Potensi Pidana Kehutanan,
Undang-undang Nomor 41 Tahun 1999 tentang Kehutanan, Peraturan Pemerintah Nomor 6 Tahun 2007 sebagaimana telah dirubah dengan Peraturan Pemerintah 03 Tahun 2008 tentang Tata Hutan dan Penyusunan Rencana Pengelolaan Hutan, serta Pemanfaatan Hutan, Peraturan Pemerintah Nomor 104 Tahun 2015 tentang Tata Cara Perubahan Peruntukan dan Fungsi Kawasan Hutan sudah mengatur secara tegas penggunaan kawasan hutan untuk pembangunan non kehutanan hanya dilakukan melalui pelepasan hutan produksi yang dapat dikonversikan, izin pinjam pakai kawasan, serta tukar kawasan untuk pembangunan non kehutanan yang bersifat parmenen, serta sudah mengatur tentang pemanfaatan kawasan hutan baik pada hutan produksi maupun hutan lindung. Karena itu Penetapan Kawasan Hutan bagi Ketahanan Pangan (KHKP) dalam rangka pengembangan Food Estate serta pengaturan pemanfaatan areal KHKP dalam Peraturan Menteri LHK Nomor 24 Tahun 2020 adalah bertentangan dengan ketentuan yang secarah hirarchi kedudukannya lebih tinggi. Batasan pada Undang-undang Nomor 18 Tahun 2013 bahwa yang dimaksud dengan penggunaan kawasan hutan secara tidak sah adalah kegiatan terorganisasi yang dilakukan di dalam kawasan hutan untuk perkebunan dan/atau pertambangan tanpa izin Menteri. Apakah penetapan kawasan hutan sebagai KHKP dapat dikategorikan sebagai Izin untuk meligitamasi pemafaatan kawasan hutan dan apakah pemanfaatan kawasan hutan untuk ketahanan pangan (KHKP) termasuk pemanfaatan kayu pada hutan lindung seperti diatur dalam Peraturan Menteri LHK Nomor 24 Tahun 2020 telah sesuai atau sebaliknya bertentangan dengan Undang-undang dan Peraturan Pemerintah tersebut diatas. Saya iktiar berpotensi masuk pidana kehutanaan, karena itu kita hindari yang tidak kita inginkan. Pertanyaannya ada apa, mengapa tidak menggunakan saja ketentuan pelepasan, izin pinjam pakai kawasan hutan serta tukar menukar kawsasan hutan yang sudah ada dan aman.

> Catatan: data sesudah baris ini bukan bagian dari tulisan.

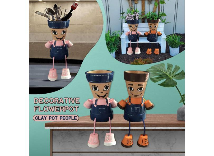 Plantador de vaso de barro em forma de criança country vaso de flores com decoração adorável
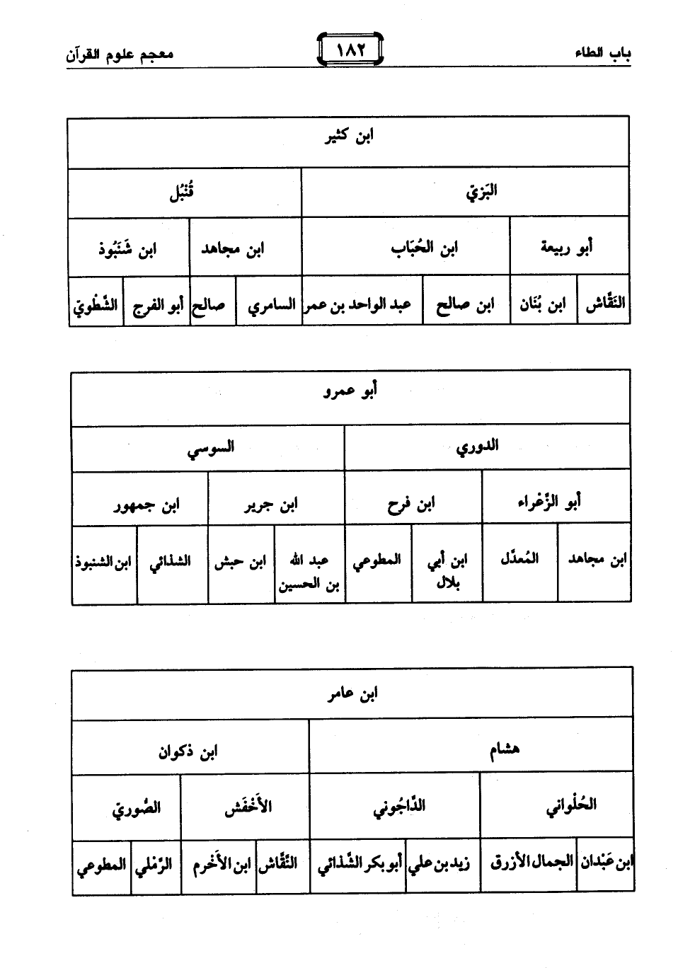 ابن كثير البزيّ/ قنبل أبو ربيعة/ ابن الحباب/ ابن مجاهد/ ابن شنبوذ النقّاش/ ابن بنان/ ابن صالح/ عبد الواحد بن عمر/ السامري/ صالح/ أبو الفرج/ الشّطويّ أبو عمرو الدوري/ السوسي أبو الزّعراء/ ابن فرح/ ابن جرير/ ابن جمهور ابن مجاهد/ المعدّل/ ابن أبي بلال/ المطوعي/ عبد الله بن الحسين/ ابن حبش/ الشذائي/ ابن الشنبوذ ابن عامر هشام/ ابن ذكوان الحلواني/ الدّاجوني/ الأخفش/ الصّوريّ ابن عبدان/ الجمال الأزرق/ زيد بن علي/ أبو بكر الشّذائي/ النّقّاش/ ابن الأخرم/ الرّملي/ المطوعي
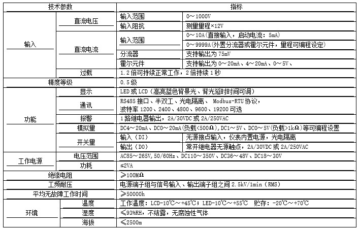 技術要求:輸入電壓DC 0-1000V;輸入范圍:0~2500A(外置分流器或霍爾元件,量程可編程設定);準確級0.5級。

Memperburuk kondisi lingkungan hidup
Saya mengutip Undang-undang Nomor 32 Tahun 2009 pasal 17 ayat(2) huruf b bahwa segala usaha dan/atau kegiatan yang telah melampaui daya dukung dan daya tampung lingkungan hidup tidak diperbolehkan lagi. Mengacu pada Peraturan Pemerintah Nomor 26 Tahun 2020 tentang Rehabilitasi dan Reklamasi Hutan, maka DAS dipakai sebagai unit pengelolaan, pasal 20 disebutkan bahwa Rehabilitasi Hutan lindung ditujukan untuk memulihkan fungsi hidrologis DAS dan meningkatkan produksi hasil Hutan bukan kayu serta jasa lingkungan. Tentu ini ditujukan terhadap DAS dengan klasifikasi yang dipulihkan daya dukungnya atau dengan kata lain DAS dengan fungsi pokoknya hutan Lindung yang tidak sepenuhnya berfungsi lindung atau dalam narasi Peraturan Menteri Kehutanan Nomor 61 Tahun 2014 sebagai DAS dengan daya dukung buruk-sangat buruk, atau statsunya sudah sudah overshoot, jika dimanfaatakn dengan merubah fungsi pokok, ini justru lebih memperburuk kondisi lingkungan atau dengan kata lain tidak memenuhi kriteria kelayakan lingkungan.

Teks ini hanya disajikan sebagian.